Наконец, на третьем этапе принятия я получаю то понимание, за которым пришёл: у моей картины мира нет эпистемологического приоритета над его, и наоборот. То есть не существует такого общего для нас с ним способа определить, кто из нас заблуждается. Над нашими дискурсивными пространствами нет и не может быть судьи, который определит, чьё отношение к «Окну Овертона» нужно признать верным. (Это невозможно почувствовать из своего информационного пузыря.)

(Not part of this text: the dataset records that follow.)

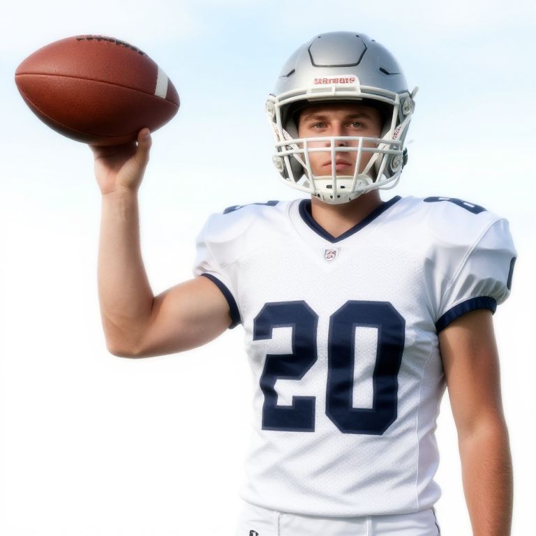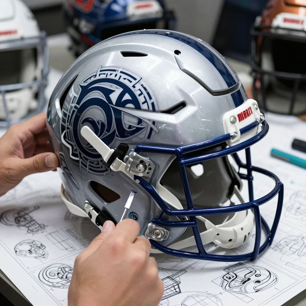 Custom football helmet maker designing bold and unique helmets with intricate patterns and innovative ventilation, close-up of hands sculpting the helmet surface, futuristic and sporty aesthetics, illuminated workspace filled with design blueprints and helmets
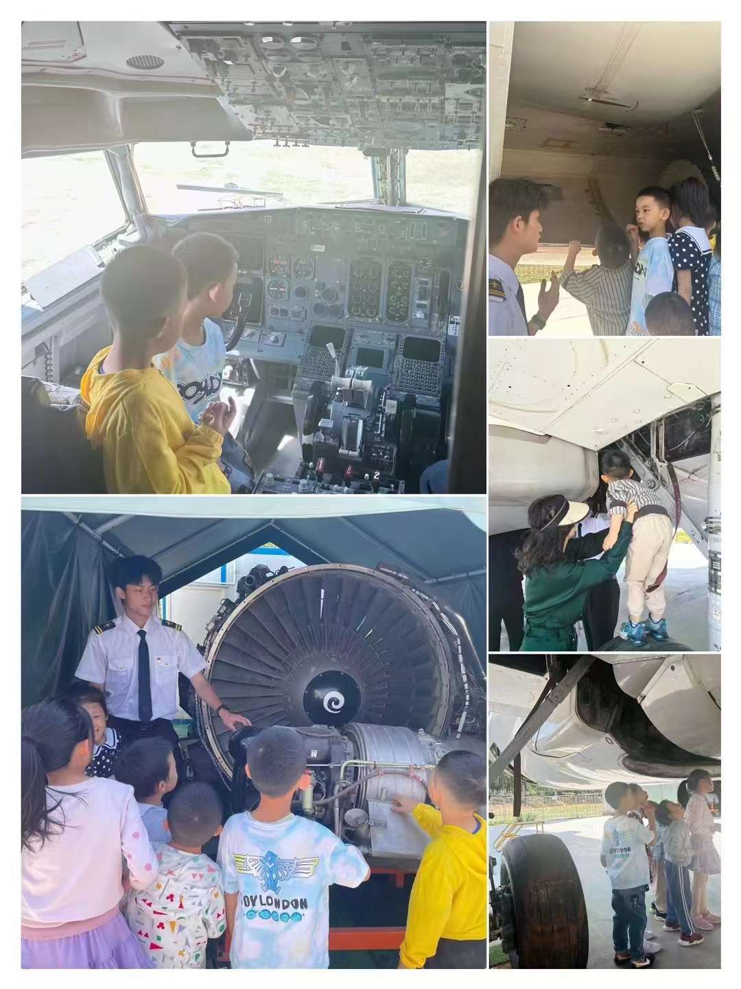 首先大家被一架真实的大飞机所吸引。飞行学生党员讲解了飞机机体各部分名称和功能,带领孩子们来到飞机驾驶舱,并演示了飞机启动、滑行、转向、起飞等操作。孩子们深深沉浸在飞行学生熟练的操作中,这一刻仿佛自己也成为了一名飞行员。
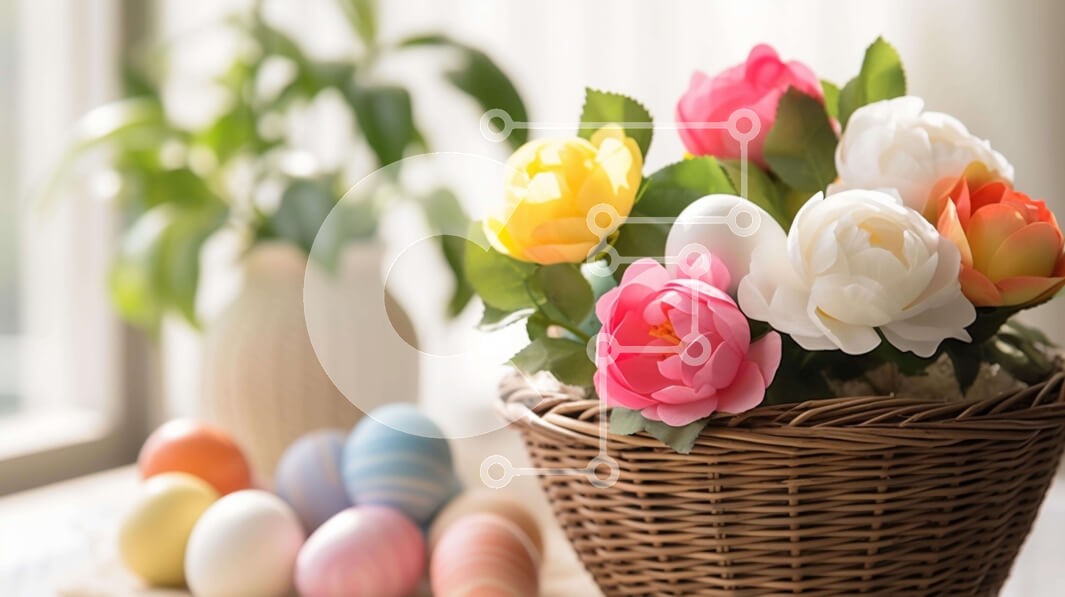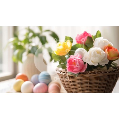 Υπάρχει δυνατότητα προσωποποίησης με δική σας φωτογραφία και προσαρμογής διαστάσεων κατόπιν παραγγελίας. Το συγεκεριμενο puzzle παρουσιαζει Αυτή η εικόνα δείχνει ένα ψάθινο καλάθι γεμάτο με πολύχρωμα λουλούδια και πασχαλινά αυγά, τοποθετημένο σε ένα τραπέζι μπροστά από ένα παράθυρο. Το σκηνικό υποδηλώνει ένα εσωτερικό περιβάλλον, με πολλά φυτά σε γλάστρες να συμβάλλουν στη σκηνή. Υπάρχει επίσης ένα φυτό ή δέντρο κ

Ясно, что ставка в данном случае не само «Окно Овертона» и вообще не некая истина, а защищаемая с его помощью ксенофобия: этим постом мой собеседник хотел доказать правоту своей гомофобии, расизма и национализма. Классический лево-либеральный ответ на это опирается на представление об универсальной рациональности, с позиции которой можно показать ложность таких взглядов. Поскольку ссылка на рациональность не убеждает собеседника (ведь он как раз рассуждает рационально!), он объявляется нерациональным существом и разговор на этом заканчивается. Так леволиберальный подход заходит в тупик.

Ричард Рорти в споре с Хабермасом утверждал, что нам нужно отказаться от поиска политически нейтральных оснований либерально-демократических взглядов и институтов и перестать делать вид, будто они основаны на некой универсальной трансисторической рациональности. Вместо этого нужно признать разные системы убеждений и отыскать common ground, на которой мы могли бы достичь прагматического согласия между ними.

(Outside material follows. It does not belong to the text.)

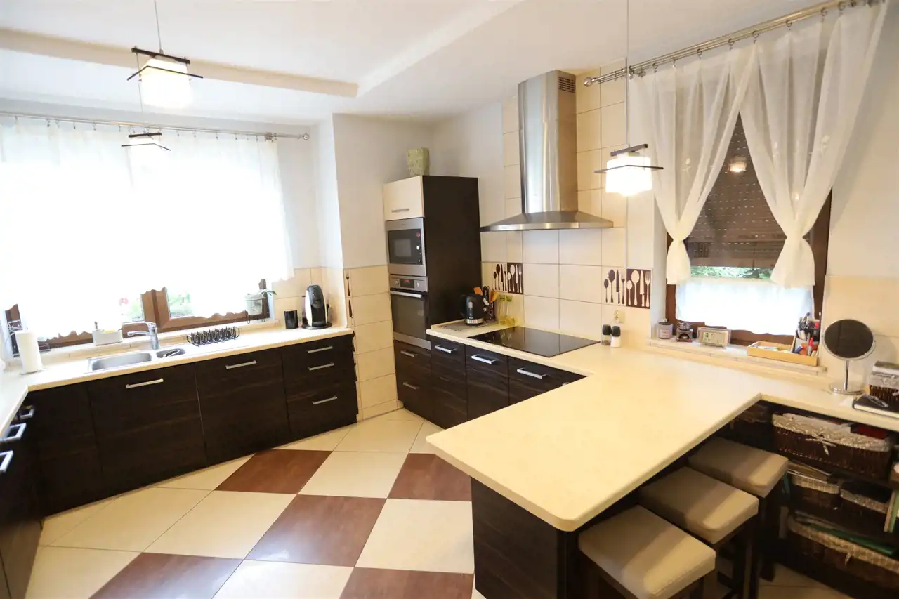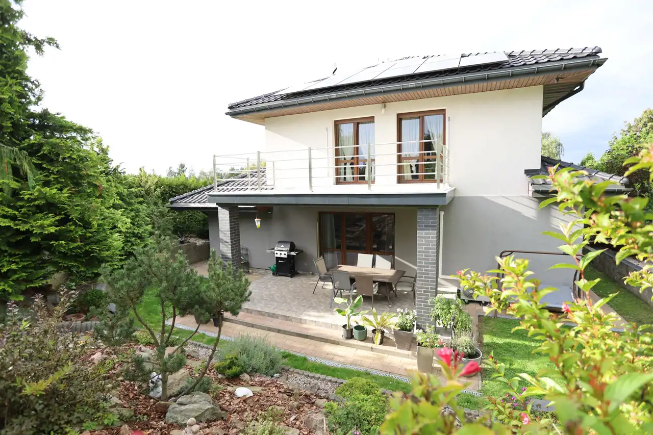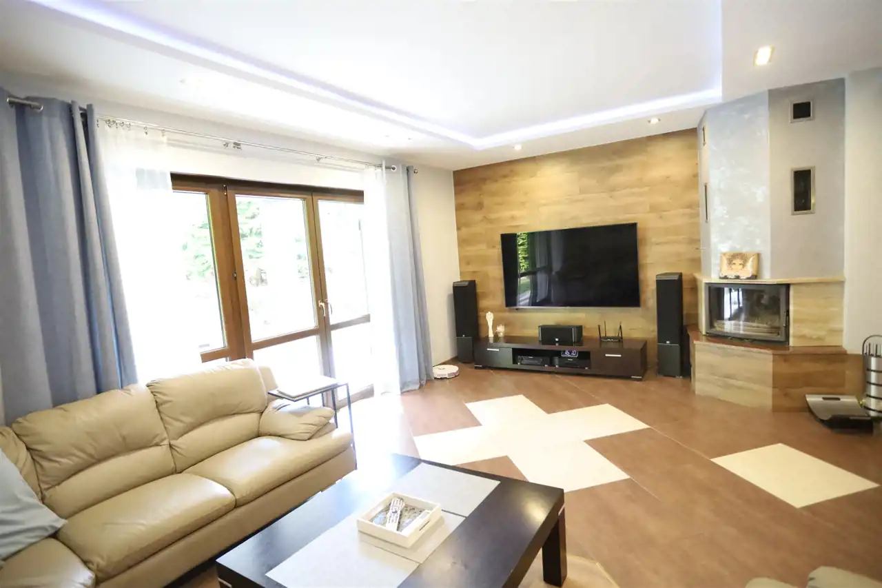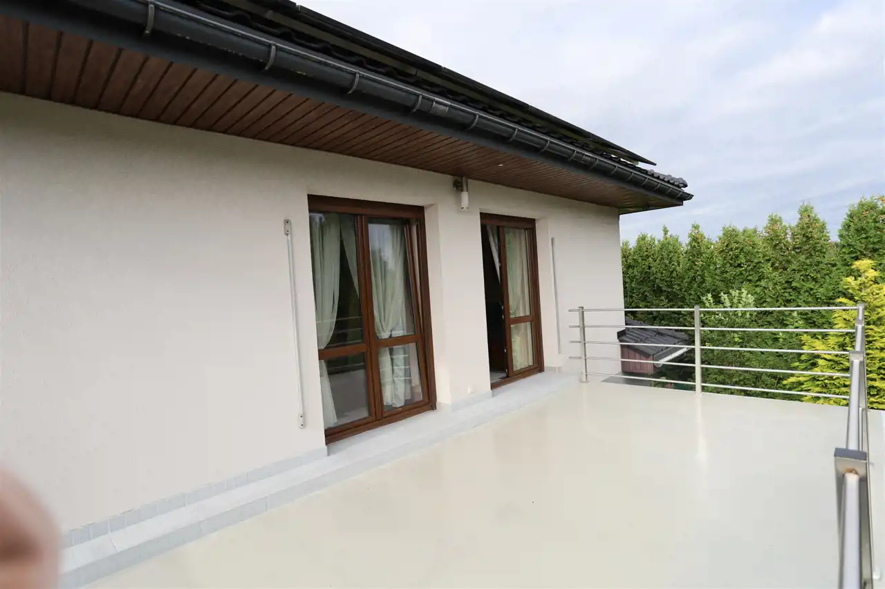 Dom 10 letni, wybudowany przez właścicieli bardzo solidnie: ściany z suporeksu, ocieplone twardą wełną 18cm i położony tynk strukturalny. Na dachu dachówka ceramiczna antracyt, płyta OSB i ocieplony wełną mineralną, dodatkowo jeszcze na stropie położona wełna mineralna. Na dachu zainstalowano panele fotowoltaiczne -10kWh ( umowa wg. starych zasad) i ogrzewanie jest w domu elektryczne (niskie koszty ogrzewania). Woda i kanalizacja z sieci gminnej. W domu zainstalowana jest: stacja uzdatniania wody, monitoring i alarm, rolety antywłamaniowe elektryczne w całym domu, klimatyzacja w salonie. Wszystkie pomieszczenia na parterze domu maja ogrzewanie podłogowe. W salonie jest kominek. Okna PCV dwuszybowe.

Однако Шанталь Муфф подловила Рорти на том, что он всё же держит в уме универсальное представление о социальном прогрессе, которое выделяет одну из сторон (носителя либерально-демократических ценностей) и позволяет рассчитывать на достижение консенсуса вокруг него в ходе экономического прогресса и просвещения. То есть это опять про бедных и глупых, которых должны образумить богатые и умные. Meh.

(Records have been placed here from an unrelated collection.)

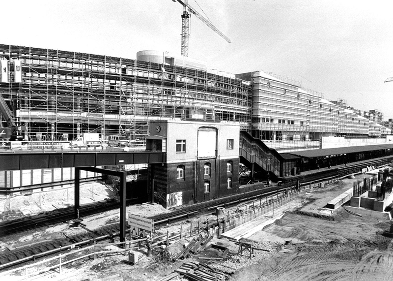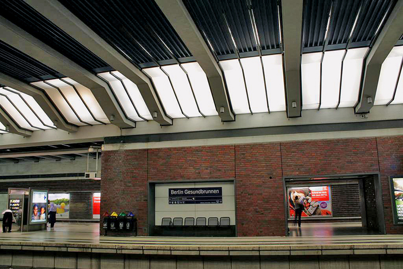 Die Station Gesundbrunnen bietet dem Ringbahnflaneur architektonische Kontraste. Säulen im grünen Marmor-Look, Backstein- und Klinkerverkleidungen im Stil der Neuen Sachlichkeit – edel geht es auf dem Bahnsteig zu. Eine Fahrt hinauf mit der Rolltreppe endet dagegen im Nichts einer gewaltigen Betonplatte, auf der die DB in den 1990ern den Bau einer repräsentativen Bahnhofshalle plante. Aus Kostengründen beließ es das Unternehmen dann bei schlichten Pavillons. Ein kleiner Markt aus Imbissbuden, Obst- und Gemüseständen versucht etwas Farbe auf die graue Fläche zu bringen. Zwei riesige Einkaufstempel flankieren die Szenerie. Warum nur heißt dieser Ort Gesundbrunnen?
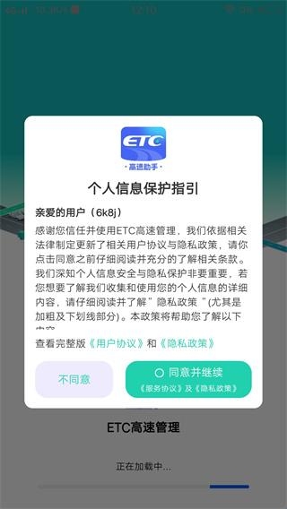 1、在手机应用市场轻松下载安装ETC畅行通达app,查看个人信息保护指引,点击同意并继续。
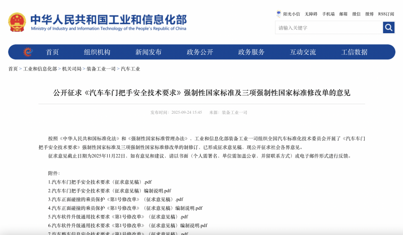 针对隐藏式车门把手安全问题 工业和信息化部公开征集意见

Муфф предлагает своё решение — агонистический плюрализм. Даже признав эпистемологический паритет всех дискурсов, мы, конечно, не можем отказаться от своих антиксенофобских убеждений, иначе мы скатимся в моральный релятивизм. Муфф предлагает бороться за свои убеждения, но не «на уничтожение врага», а с признанием легитимности всех позиций. Мы не должны считать преодоление разногласий целью демократической политики, напротив, сосуществование разногласий есть её суть (привет, Рансьер).

Возвращаясь в конкретный разговор с ксенофобом, я применяю этот агонистический подход так: мы не сойдёмся с ним во взглядах, сейчас между нами коммуникативная пропасть, но я всё же склоню его на свою сторону, только не через прямую коммуникацию, а политически, через создание привлекательной для него практики, прошитой другим дискурсом. Вместо споров до упада, нужно создать такое политическое движение, к которому ему захочется присоединиться для реализации своих потребностей в участии, а по мере погружения в это движение его дискурс будет сдвигаться в нашу сторону. Это и есть политическая борьба.

P.S. Оговоримся, что таким образом нельзя вовлечь и завоевать всех и каждого. Если некто добивается моего уничтожения, то бессмысленно уравнивать наши картины мира — придётся драться насмерть.
«Сейчас экономика упадёт/мобилизация развернётся, и народ начнёт понимать» — в этой формуле есть один недостающий множитель

Всякое рассуждение о последней капле народного терпения в итоге разбивается о суровую реальность, из чего делается вывод, что народ не тот. Классика деполитизации.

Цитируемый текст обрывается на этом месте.